ZDNet reports:
The latest in what is becoming an impressively long list of Italian cities to make the transition is the City of Udine, a town of 100,000 people in the north east of Italy. The municipality recently announced that by the end of 2014 it will start a process which, over the coming years, will make OpenOffice the default personal productivity suite on each of its 900 computers.
The move, the city says, will allow it to save roughly €400 on the cost of software licensing for each machine, a total of €360,000. The migration will start with 80 new computers that, according to the 2014 budget document, have to be bought by December.
(Score: 2) by choose another one on Thursday September 18 2014, @11:03PM
Not the same reason at all - fallacy of exclusivity.
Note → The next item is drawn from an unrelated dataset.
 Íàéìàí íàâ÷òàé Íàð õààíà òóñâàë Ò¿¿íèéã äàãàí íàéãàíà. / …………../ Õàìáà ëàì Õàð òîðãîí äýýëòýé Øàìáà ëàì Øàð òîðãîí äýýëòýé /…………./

I say I can't go vegetarian because I can't find a good substitute for steak, and you say it's just the same for you - you can't eat meat because you can't find a good substitute for tofu burgers.
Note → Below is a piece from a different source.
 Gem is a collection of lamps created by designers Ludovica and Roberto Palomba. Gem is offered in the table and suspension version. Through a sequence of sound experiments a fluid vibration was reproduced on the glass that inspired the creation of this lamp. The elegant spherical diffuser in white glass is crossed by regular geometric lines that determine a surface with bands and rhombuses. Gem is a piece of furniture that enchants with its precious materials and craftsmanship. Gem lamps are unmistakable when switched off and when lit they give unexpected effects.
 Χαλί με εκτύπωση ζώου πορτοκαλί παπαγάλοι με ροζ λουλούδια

Newsflash: you can eat meat _and_ tofu burgers. You don't have to replace software just to use some other software. I can, and do, use free software _as well as_ MS Office.
I've used Emacs for decades, on various platforms, but use it rarely these days - so something or some combination of things has replaced it, or maybe what I need to do has changed, but _nothing_ ever forced me to stop using it and replace it. I can still fire it up any time I want to feel like I'm back in the 80s.